I always had a voice. I was just too afraid to sing.

Kaitlyn

My feet always knew the rhythm of ballet. I was just too afraid to dance.

Albert

The music was always in me. I was just too afraid to let it out.

Calypso

Don’t ask why my parents named me Calypso. I’m not a nymph from the island of Ogygia. I’m a regular twelve-year old girl with a secret. And don’t ask why I just didn’t die the night my parents did. In short, it makes my name ironic. But also tragic. Actually, don’t ask me anything at all. Just know this. I’m a cursed girl. A cursed girl without a voice.

Kaitlyn

When I was five, my parents took me to watch a ballet. The Nutcracker, specifically. That’s when I knew all I would ever want to do was dance. But I was a different girl then. A girl with both parents instead of none.

I still remember the night vividly. Strolling along the gum-encrusted pavement, I tried to copy the dance steps I had seen on the way to ice cream. As my parents held hands and watched me dance along ahead, it made me feel giddy with joy, hyper in an odd way. To me, it was a dream I didn’t want to leave. A dream that turned into a nightmare.

Albert

“The piano’s alright… I think I like the viola better,” I decided in front of my judicial parents and music instructor. Boldly I snatched up the smooth wooden instrument, running my fingers over the length of the bow.

“Very well, my little seven-year old” my mother sighed and patted my shoulder affectionately.

“A fine choice, I suppose,” drawled my piano teacher in his dull voice. “I shall arrange for you to meet an acquaintance of mine. He of whom plays the violin and viola equally skillfully.”

Not waiting for sanction, I set the viola on my shoulder, lifted the bow to the string and began to play.

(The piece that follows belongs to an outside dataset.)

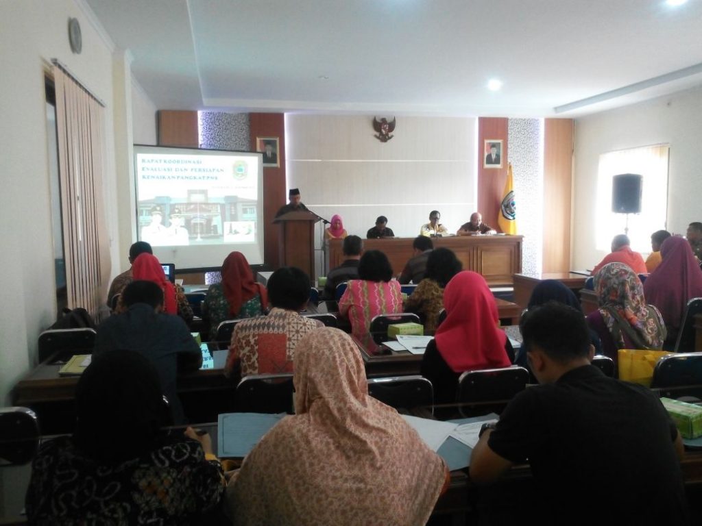BKPSDM Kabupaten Karanganyar pada hari Jumat, 8 Desember 2017 melaksanakan Rapat Koordinasi Evaluasi dan Persiapan Kenaikan Pangkat di Aula BKPSDM. Rakor ini dihadiri oleh Kasubag Umum dan Kepegawaian OPD se-Kabupaten Karanganyar dan dibuka oleh Sekretaris Daerah, Drs. Samsi, M.Si.
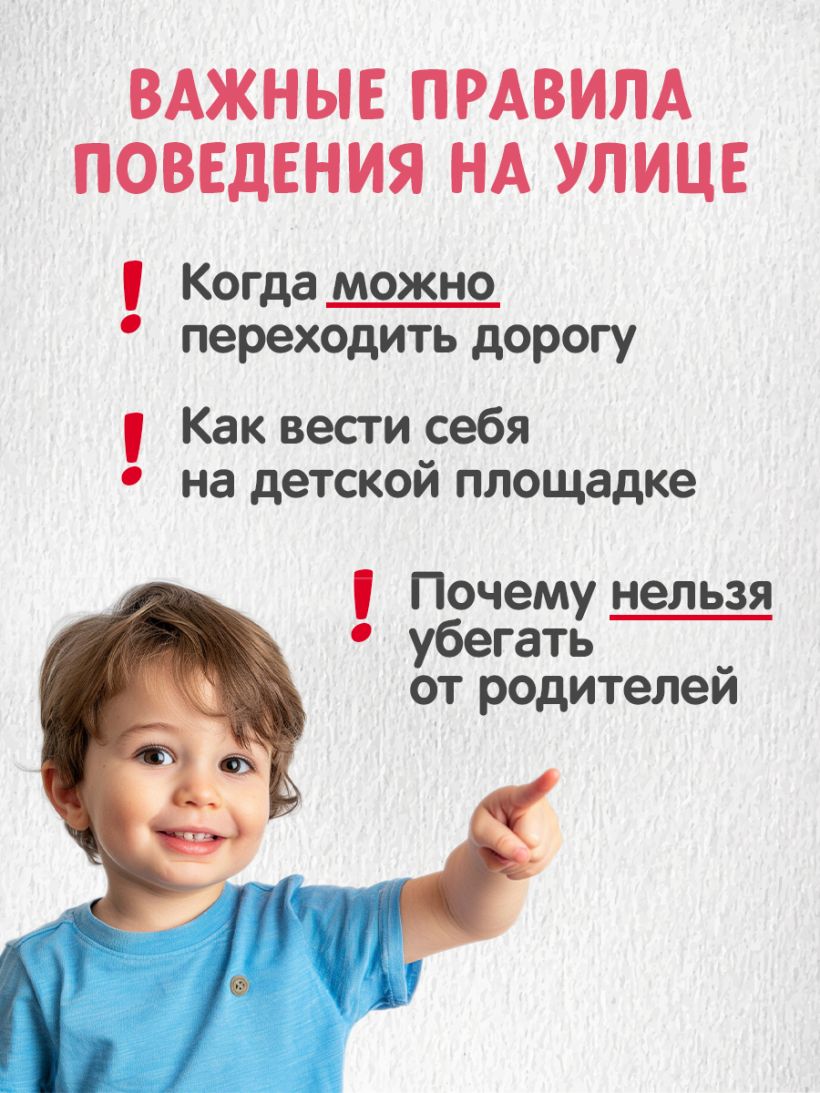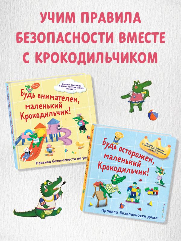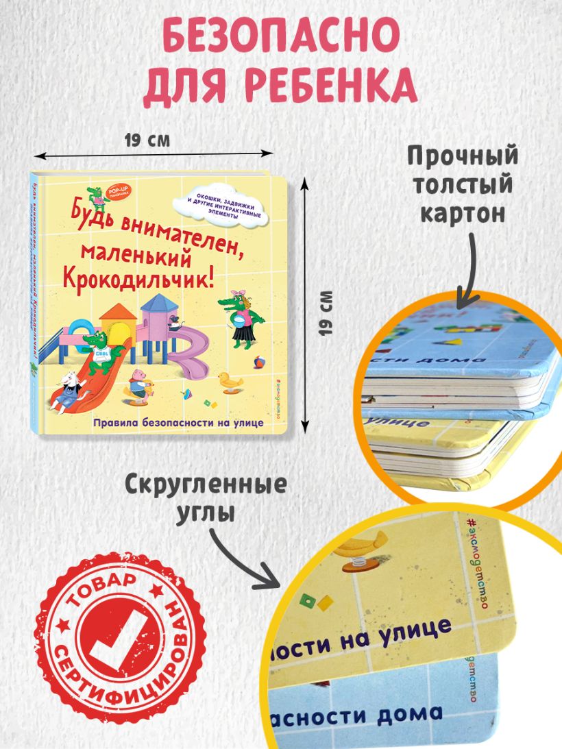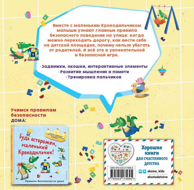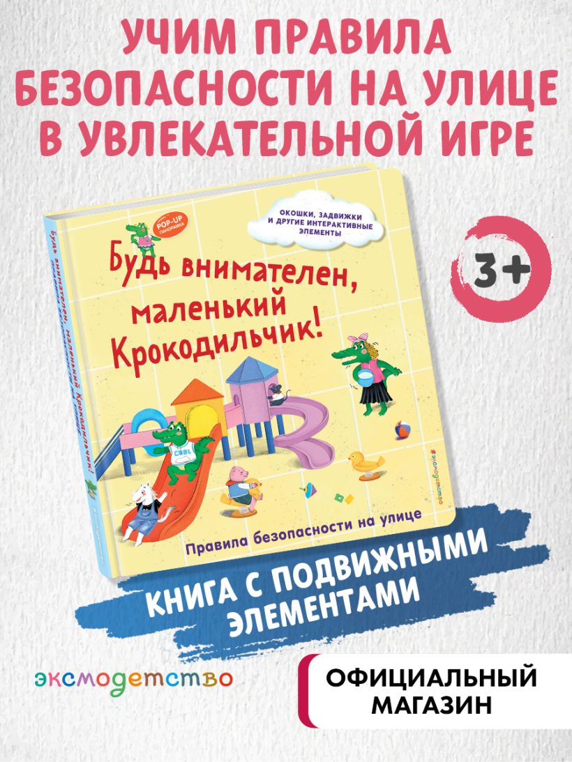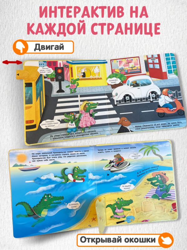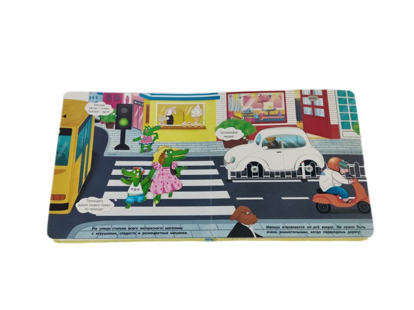 С интерактивной книжкой-игрушкой малыши узнают главные правила безопасного поведения на улице: когда можно переходить дорогу, как вести себя на детской площадке, почему нельзя убегать от родителей. И всё это в увлекательной игре вместе с маленьким Крокодильчиком.

Then, to match the intense piece I coaxed from the viola, the ground began to shake.

 

 

Calypso

Although I was only three, I still could remember being curled up on my mother’s lap, sobbing helplessly into her blouse, scented with the sharp tang of alcohol. I had beat my fists against her chest, begging her to stop. She would just shush me and refill her wine glass. My father sat next to her, smothering her with kisses. Or bruises. I wasn’t sure.

They didn’t care that it was past midnight and I, their lowly child, was still awake. No, not at all.

They didn’t mind that they were alcohol addicts. My father offered me a sip of beer.

Eventually I slipped away and leaned against the door of my bedroom, listening to my mother and my father crank up the radio and invite their friends over. They partied till dawn. When the first rays of the lustrous sun breached the horizon, my parents were both dead.

As for me?

I was dying on the inside. Shattered in the soul. I could still hear the sound of Calypso music playing from the downstairs radio, accompanied by the bitter incense of alcohol.

Kaitlyn

Lazily a car cruised along, a black sports car with tinted windows. Then, that tinted window rolled down and a gun locked on my head.

“Help!” I shrieked as my father locked his arms protectively around me, shielding me from the shot.

Two bangs.

Two parents.

Two bloodstained hands.

Six things that should have not happened.

I should have gotten shot.

Those were my two parents.

My two bloodstained hands from clawing helplessly at my parents cooling bodies as the black car shot away.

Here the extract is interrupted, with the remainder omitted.